Strategic Defaults and the Las Vegas Market

The issue of strategically defaulting on a residential mortgage is shaping up to be one of the central issues facing the national housing market in 2010, and Las Vegas real estate is no exception. The media has keyed into this issue and given it extensive coverage, including some very compelling articles in the New York Times over the past month. The discussion mostly centers around the difference between private individuals and their feelings of payment responsibility (regardless of the numbers), versus the way businesses make decisions about non-payment in purely financial terms. To choose “strategic” default simply means that payment is stopped even if the resources are there for payment to be made, simply because payment makes no sense on a purely numerical basis. Let’s face it, a purely numerical basis can become very compelling when the numbers represent real dollars in people’s lives.

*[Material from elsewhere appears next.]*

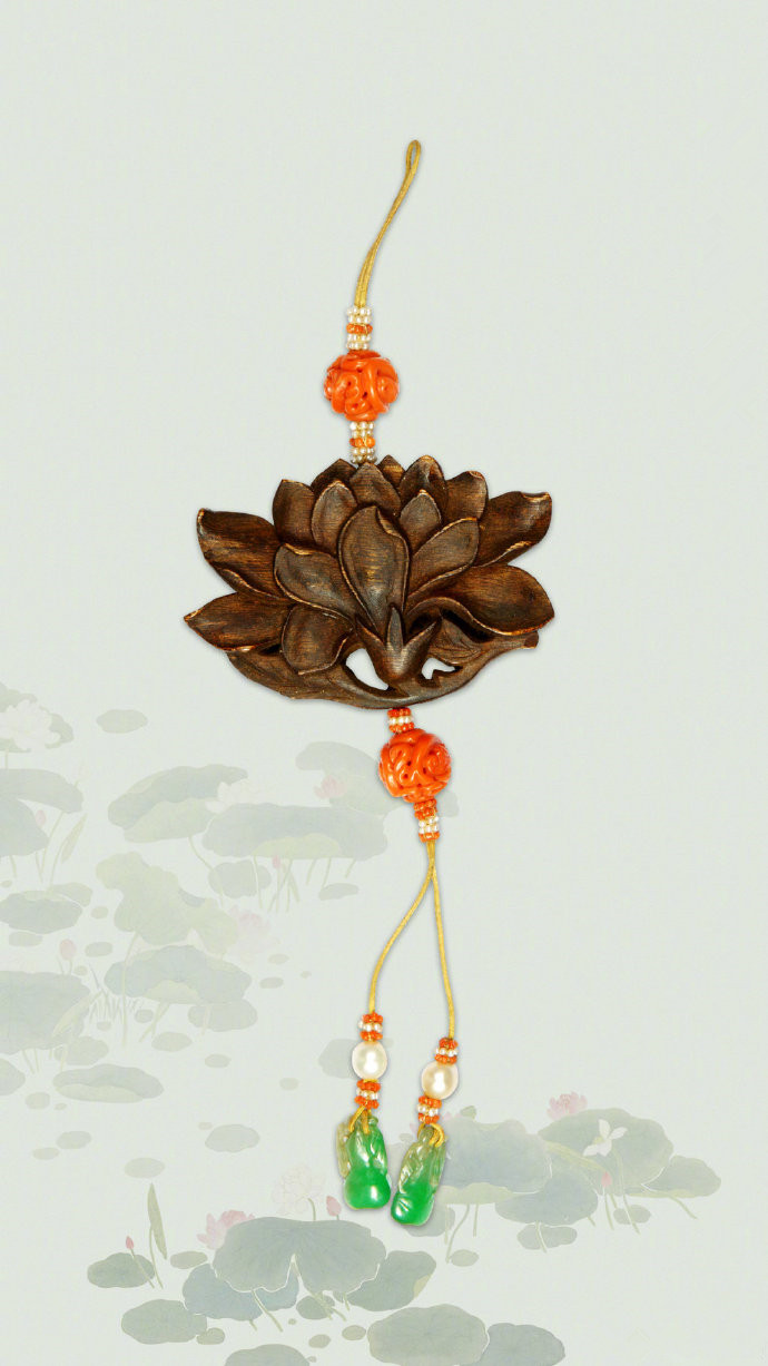 An agalloch eaglewood lotus-shaped jade ornament from the Qing Dynasty. [Photo/Official Weibo account of the Palace Museum]

The big question for 2010 is how many additional residential properties will fall into foreclosure for this specific reason, beyond the large number already expected due to recessionary factors and high unemployment numbers. It seems to me that “strategic default” at the private/individual level is very much a snowball issue. What do I mean? People always feel safer and more confident in numbers and all it’s going to take is enough people willing to step outside conventional behaviors and norms before the whole idea hits a tipping-point and becomes a more socially accepted decision. If strategic default does in fact become a significant contributor to overall foreclosure statistics in 2010 and beyond, it will be a classic “grass roots” movement. You can potentially see this trend developing neighbor by neighbor, street by street, community by community. Will this end up happening on a large scale? It’s just too soon to know, but the potential for this new economic decision making calculus (concerning individual mortgages) to snowball over time is very real.